August 1, 2008 at 1:43 am

“Few businesses identify water as the raw material that is paid for twice – to receive it and to take away the waste.” Envirowise claims that water is not perceived to be a big contributor to rising company bills, in spite of being set to rise at 18% on average for five years. What is more, even though water is relatively cheaper than energy, it involves other costs such as pumping, heating and treatment.

The good news is that taking the sharply rising cost of water in hand is possible with the help of a new initiative called the Rippleffect, commencing in September. The initiative is being run by government-funded advice provider, Envirowise, and is aimed at UK businesses of any size. In particular, businesses in the food industry aiming to meet the Defra target of reducing water use by 20% by 2020 may find the Rippleffect gives them exactly the structured support that they need to achieve water efficiency.

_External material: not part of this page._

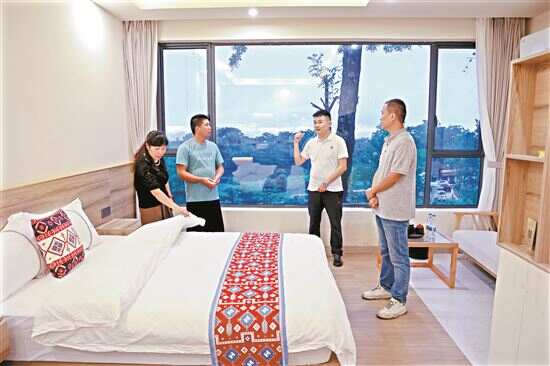 房春红跟新快报记者介绍到,民族传承、生态资源是三排镇的两大突出优势,也是当地推进产业布局的重要切入点。新快报记者了解到,依托当地独特的瑶排资源和瑶族风情,民宿产业越来越成为三排当地百姓增收致富的重要“门路”,对此,三排镇也正因地制宜引导三排民宿产业提质升级。

The Rippleffect will benefit participants by helping them identify ways the business is using and wasting water. It will also provide businesses with an action plan to follow, and advice on how to measure the savings they are making.
Joining the Rippleffect before the 10th of September deadline could help businesses save about 30% on their water and effluents bills, which can increase to 50% by investing in capital.

The Rippleffect is a way of seriously improving water efficiency and gaining well-deserved environmental credentials for UK businesses.